Kamu çalışanlarının ekonomik kayıplarına seyirci kalan yetkili memur sendikaları Sincan-Uygur Türkleri’nin Çin tarafından uğradığı inanç soykırımına sessiz kalmayı sürdürecekler mi?

Yoksa yine işine gelmediği için “bu konu siyasetin konusu” deyip topu taca mı atacaklar?

Ezcümle; kamuoyunda güven kaybeden siyasi partilerin ivedi bir şekilde yönetimlerinde değişikliğe gitmeleri ne kadar doğruysa üyeleri nezdinde güven ve itibarını kaybeden sivil toplum ve sendika yönetimlerinin yenilenmesi de o kadar doğrudur.

Kamu çalışanları yetkili memur sendikalarının ekonomik ve sosyal haklarının iyileştirilmesi yönünde gösteremedikleri çabayı unutmuş değil. Sendika üyeleri, göstermelik basın açıklamaları ve göstermelik görüşmeler trafiğinin sadece üyeleri sakinleştirmeye yönelik girişimler olduğunun da farkında.

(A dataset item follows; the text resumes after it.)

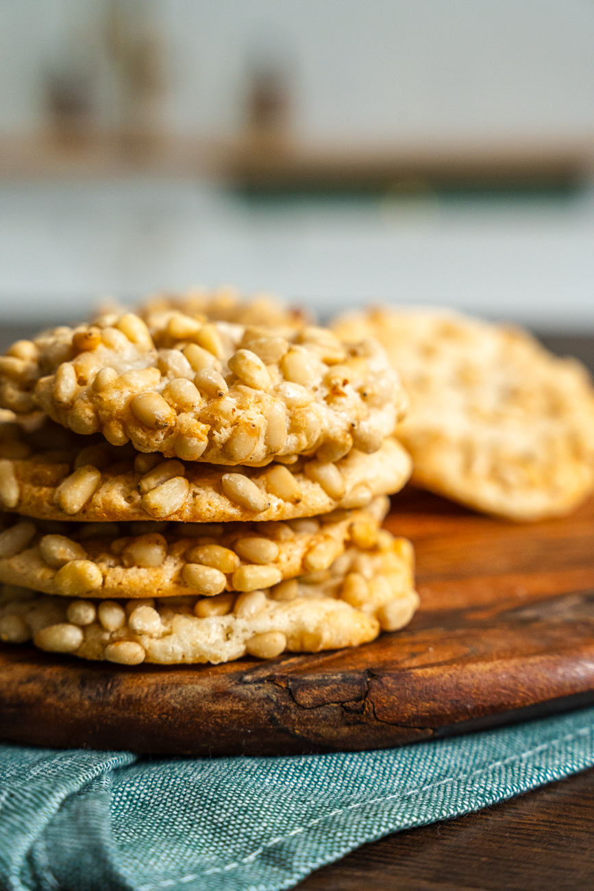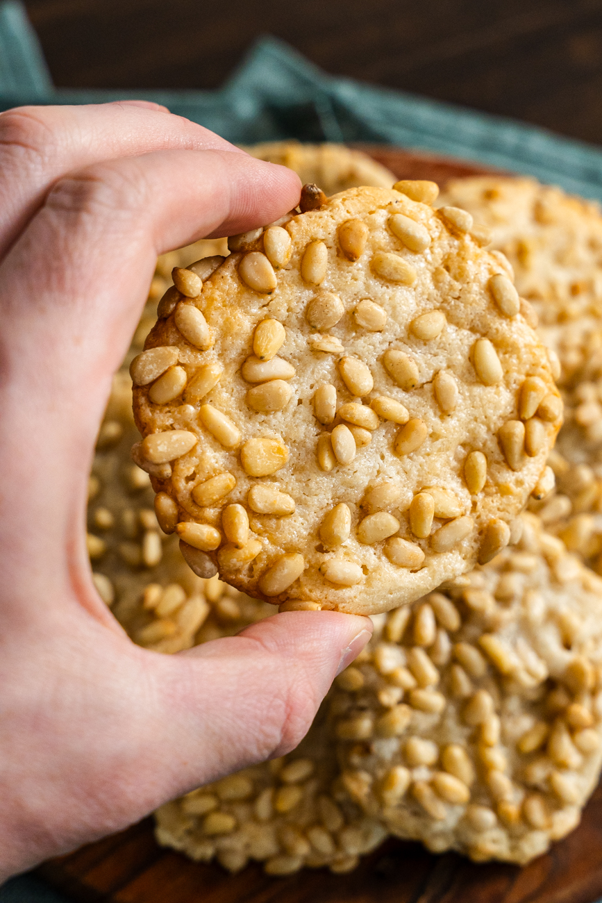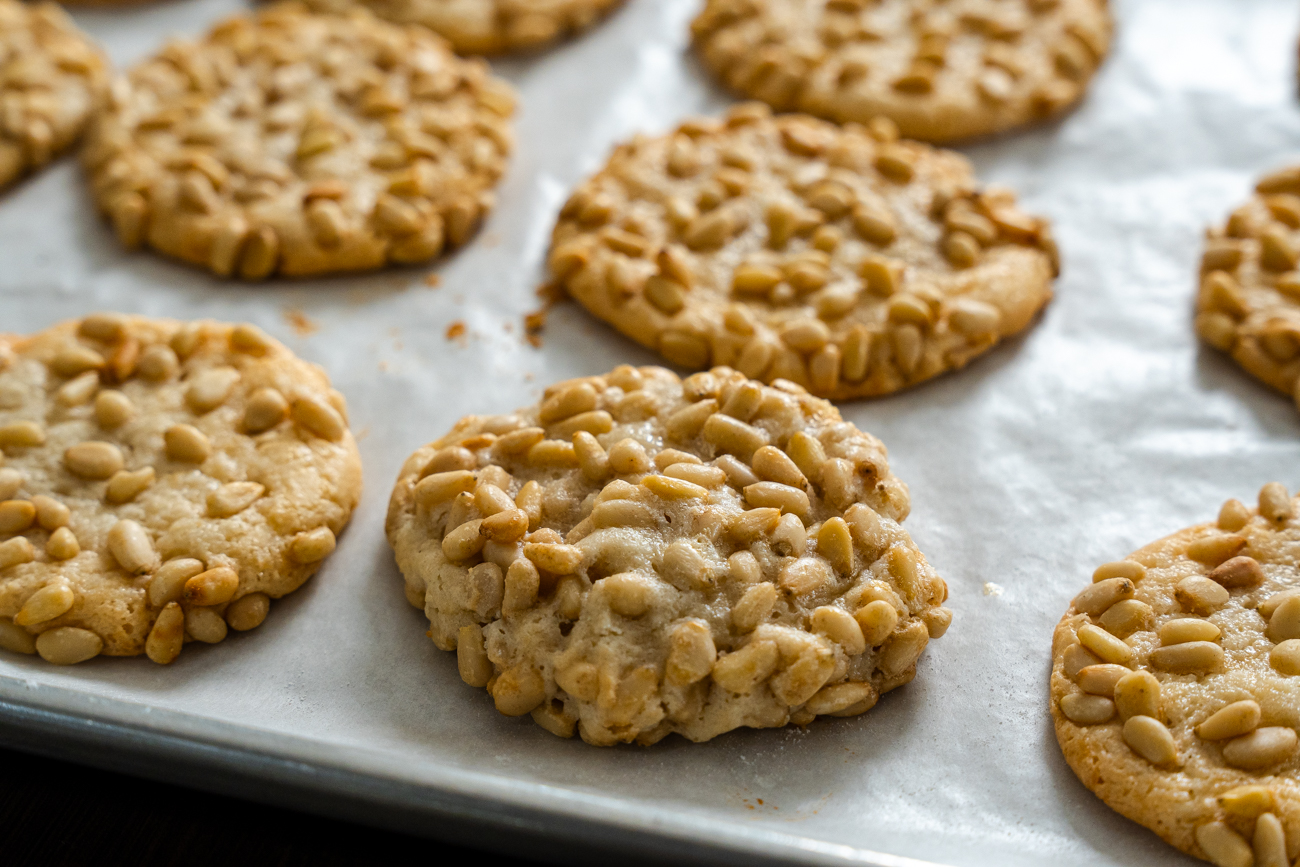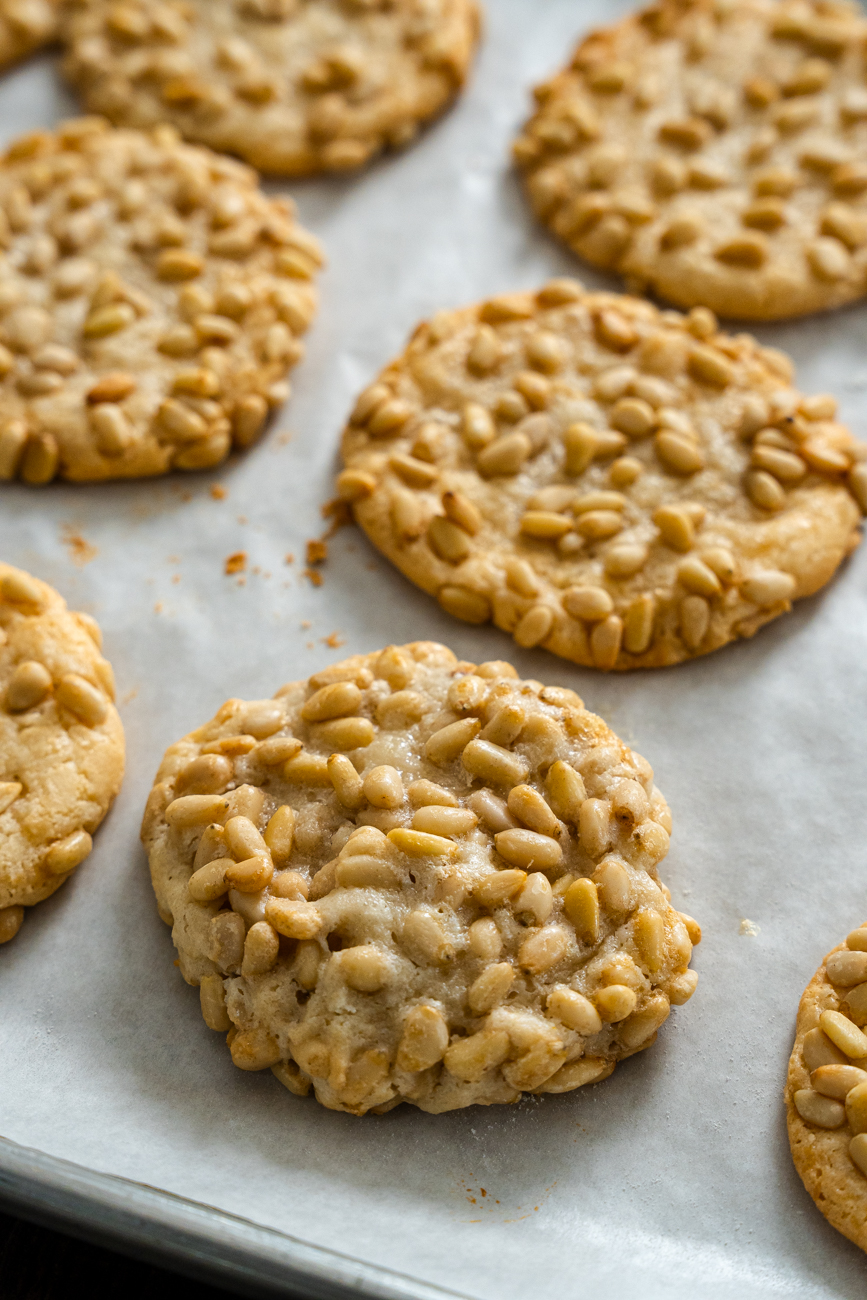The pine nuts, already known for their pop of nuttiness, become a beautiful golden brown in the oven. That toasty, nutty flavor pairs beautifully with the lightly sweet almond flavor of the cookie, so the cookie is crunchy and chewy, savory with just the right sweetness.

Üyeler, sivil toplumdan ve sendikalardan Doğu Türkistan’a da Filistin kadar, Afrin kadar, İdlip kadar önem ve değer verilmesini bekliyor.

Doğu Türkistan’ın, her daim polemiğe girip uğrunda tüm enerjinizi tüketmenize sebep olanlar kadar da mı değeri yok?

Samimiyet!

Samimiyet!

Samimiyet!

Vallahi yatacak yeriniz yok!

Ömrüm boyunca bu ülkeyi kötü yönettiği için ne bir iktidarın ne de bir bakanın istifa ettiğine şahit olmadım. Mutlaka bir güç devreye girmiş ya erken seçim olmuştur ya da bir bakan kabine değişikliği adı altında görevden alınmıştır. Böyle enteresanlıkların yaşandığı bir ülkeyiz aynı zamanda. Gelişmiş ülkelerde bu tür durumlar bir onur niteliği taşıdığından kişi yada kurumlar iradesiyle hareket etme erdemini gösterirler. Biz de ise ille de bir zorlama yada kamuoyu baskısı olacak ki zatı muhteremler istifa etsin.